● **What needs to be done**
Your copy should run exactly from the line containing "Octogenarian Ma Jinming" to the last line of the entries below, and it should include no pictures.

####

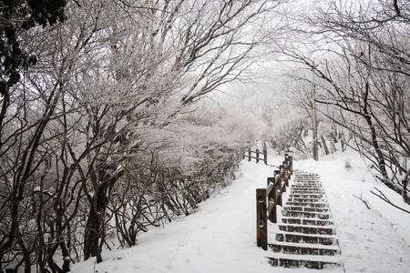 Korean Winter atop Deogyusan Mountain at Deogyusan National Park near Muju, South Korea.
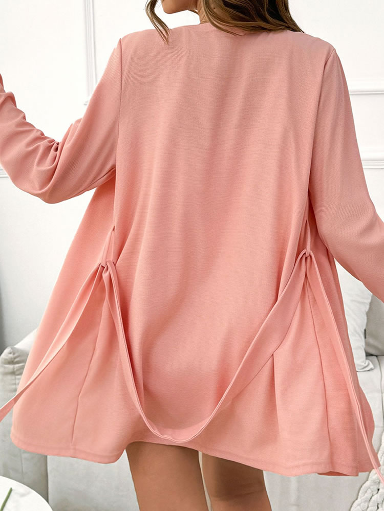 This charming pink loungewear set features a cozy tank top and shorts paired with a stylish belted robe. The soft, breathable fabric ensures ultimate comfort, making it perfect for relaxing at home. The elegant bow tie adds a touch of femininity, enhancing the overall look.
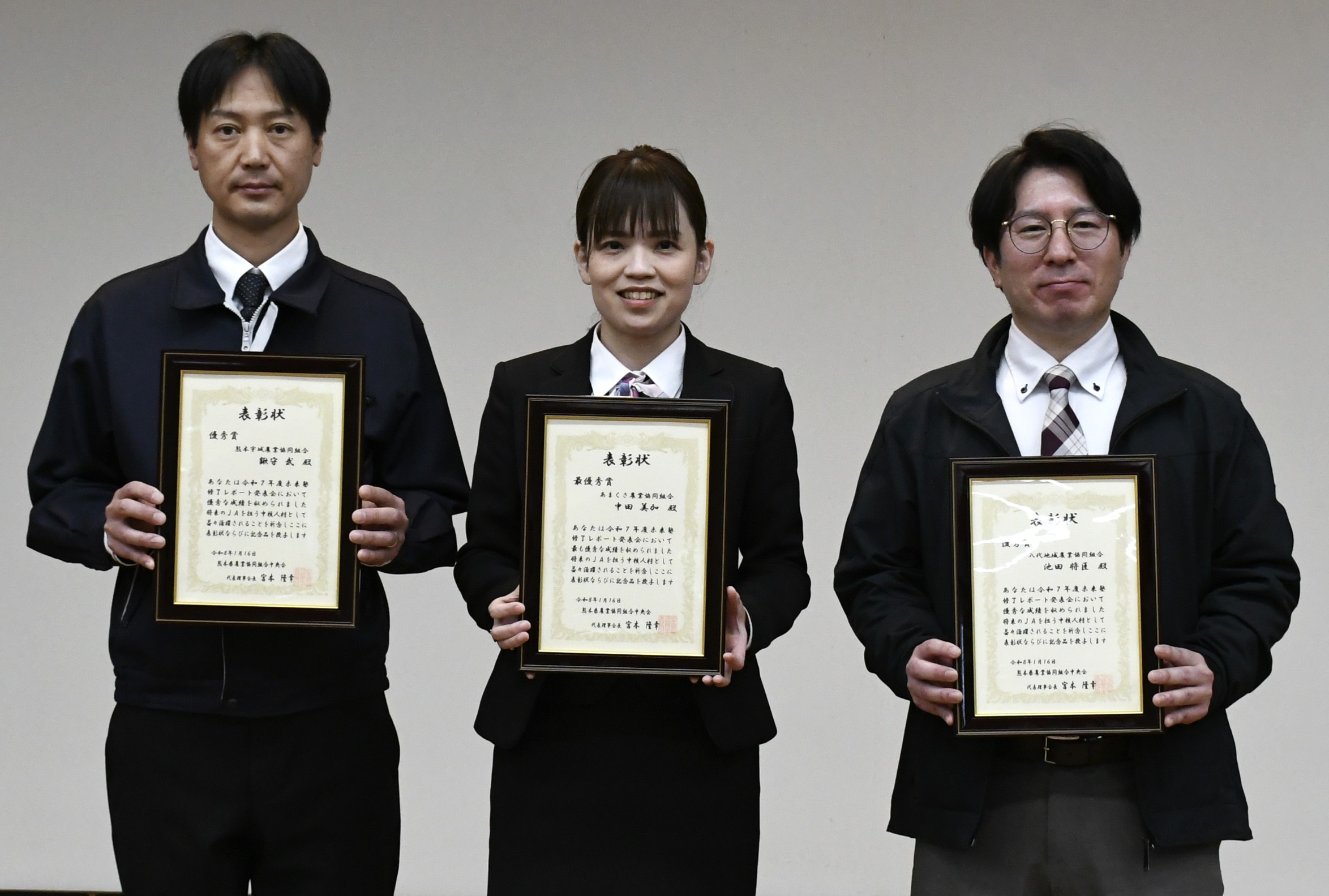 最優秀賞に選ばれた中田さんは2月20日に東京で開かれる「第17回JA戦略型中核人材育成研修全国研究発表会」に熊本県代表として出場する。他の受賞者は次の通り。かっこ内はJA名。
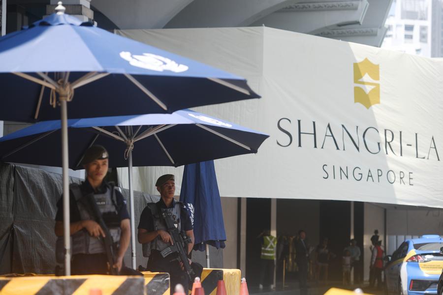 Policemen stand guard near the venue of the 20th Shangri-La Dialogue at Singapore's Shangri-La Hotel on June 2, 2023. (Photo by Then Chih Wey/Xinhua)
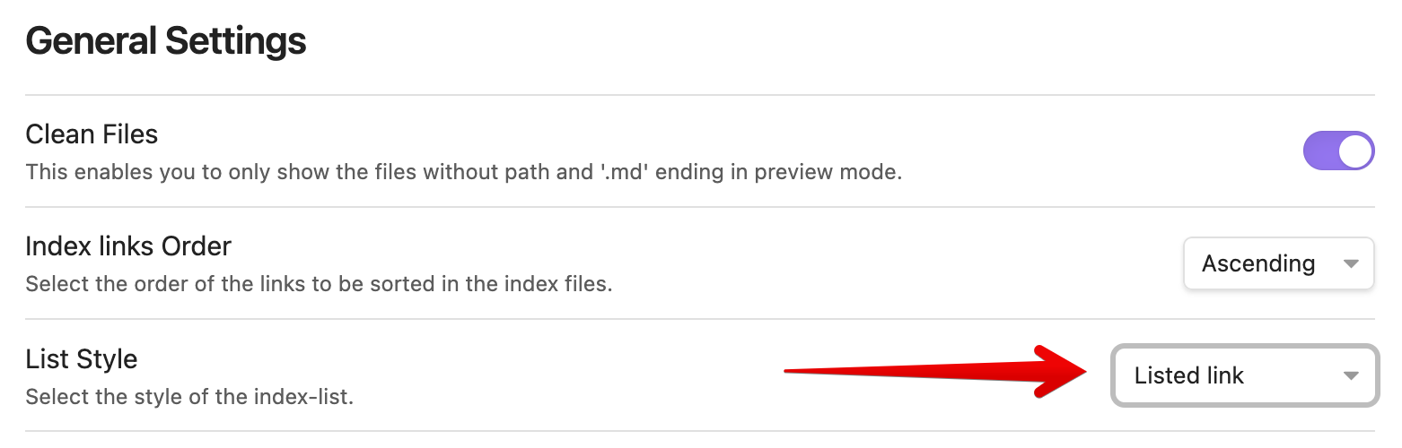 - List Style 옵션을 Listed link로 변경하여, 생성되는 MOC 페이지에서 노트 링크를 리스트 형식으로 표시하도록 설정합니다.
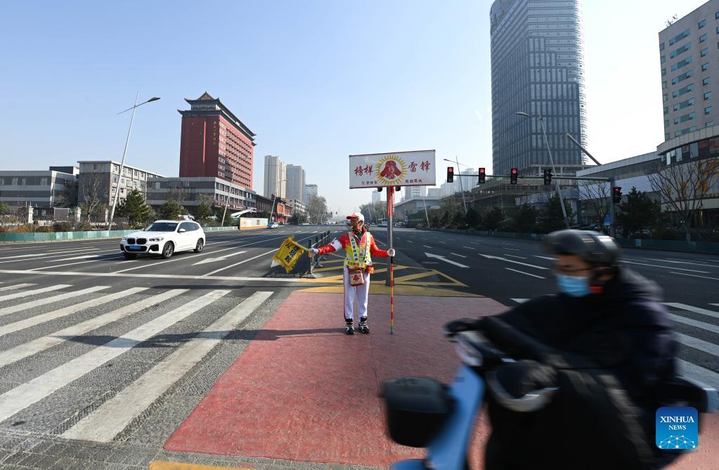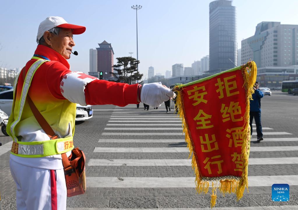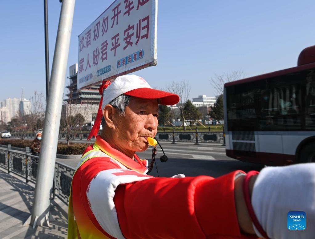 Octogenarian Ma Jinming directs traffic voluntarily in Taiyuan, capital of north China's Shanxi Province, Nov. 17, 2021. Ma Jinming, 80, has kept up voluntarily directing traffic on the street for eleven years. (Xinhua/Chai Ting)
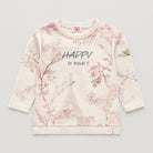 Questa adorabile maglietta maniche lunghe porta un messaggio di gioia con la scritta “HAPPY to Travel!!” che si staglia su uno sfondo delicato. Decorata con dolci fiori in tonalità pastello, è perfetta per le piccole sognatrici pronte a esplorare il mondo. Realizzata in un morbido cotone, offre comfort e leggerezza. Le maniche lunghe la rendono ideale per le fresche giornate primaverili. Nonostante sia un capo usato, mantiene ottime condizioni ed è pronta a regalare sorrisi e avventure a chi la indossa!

####

● **Solution for this task**
 Octogenarian Ma Jinming directs traffic voluntarily in Taiyuan, capital of north China's Shanxi Province, Nov. 17, 2021. Ma Jinming, 80, has kept up voluntarily directing traffic on the street for eleven years. (Xinhua/Chai Ting)
 Questa adorabile maglietta maniche lunghe porta un messaggio di gioia con la scritta “HAPPY to Travel!!” che si staglia su uno sfondo delicato. Decorata con dolci fiori in tonalità pastello, è perfetta per le piccole sognatrici pronte a esplorare il mondo. Realizzata in un morbido cotone, offre comfort e leggerezza. Le maniche lunghe la rendono ideale per le fresche giornate primaverili. Nonostante sia un capo usato, mantiene ottime condizioni ed è pronta a regalare sorrisi e avventure a chi la indossa!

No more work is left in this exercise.